Using de-Moivres formula it is easy to show that $\sin(\frac{\pi}{180})$ and $\cos(\frac{\pi}{180})$ are algebraic numbers.
But how can I get the degree of their minimal-polynomials (It is $48$, which is $\phi(180)$, where $\phi$ denotes the totient-function) and how can I prove that both numbers have the same minimal polynomial ?
How can I prove that $\tan(\frac{\pi}{180})$ has a symmetric minimal polynomial with degree $24$ ?
I think, the problem is related to roots of unity.

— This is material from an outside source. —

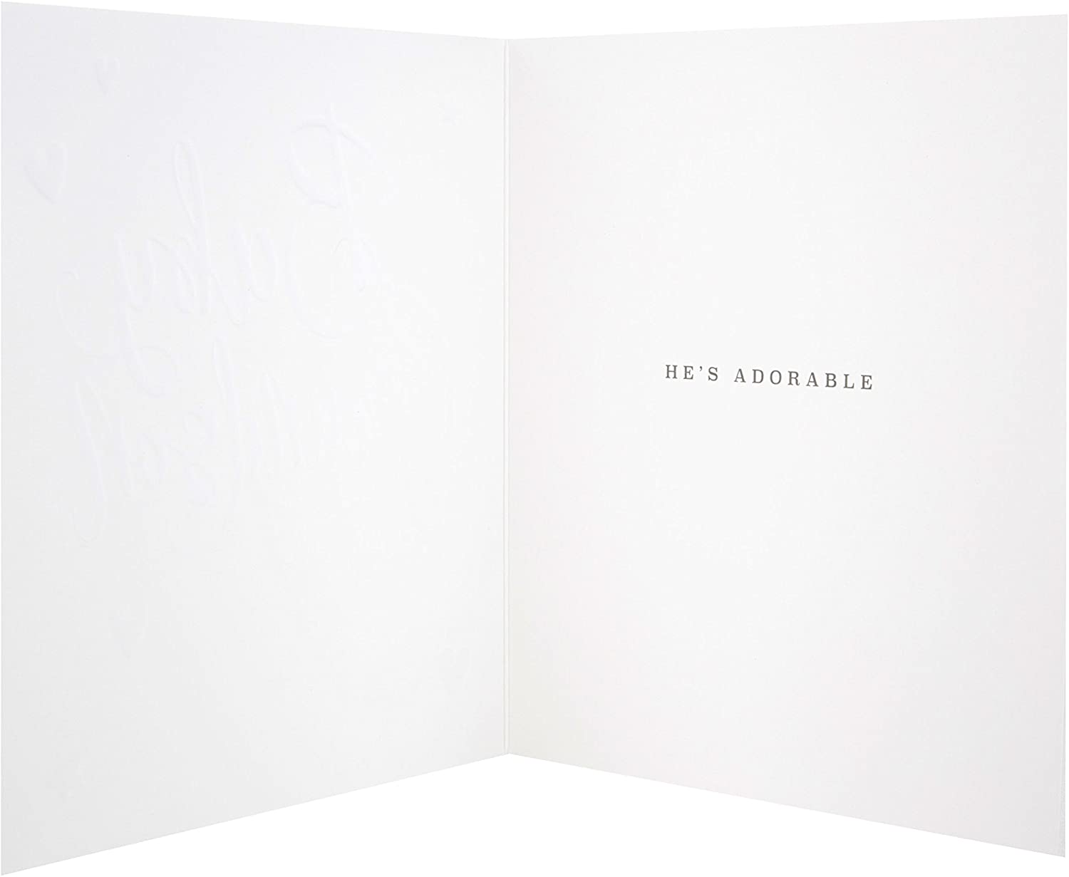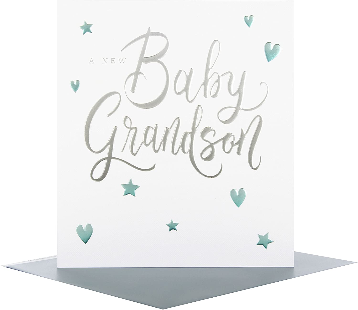 A New Baby Grandson Foil Finished Start and Heart Design Congratulation Card. Congratulate them on the birth of their Grandson with this contemporary card from Hallmark. Message inside card reads: 'He's adorable'. Finishes: Foil. Envelope: Teal. Size: 185 x 165mm.

The number $\zeta= e^{2\pi i/n}$ is a primitive $n$th root of unity. Its degree is given by the Euler's phi function $\phi(n)$.
Now $2\cos(2\pi/n)=\zeta+\bar \zeta$, being real is in the fixed field of complex conjugation automorphism: its degree is half that of $\zeta$. Same way for $\sin(2\pi/n)$.
Now $\tan(\pi/180)=\tan (2\pi/360)$. It is the ratio of two numbers of degree $\frac12\phi(360)=48$. It can be expressed $(\zeta-\bar\zeta)/(\zeta+\bar\zeta)$. Using this expression counting distinct conjugates we can prove its degree is 24.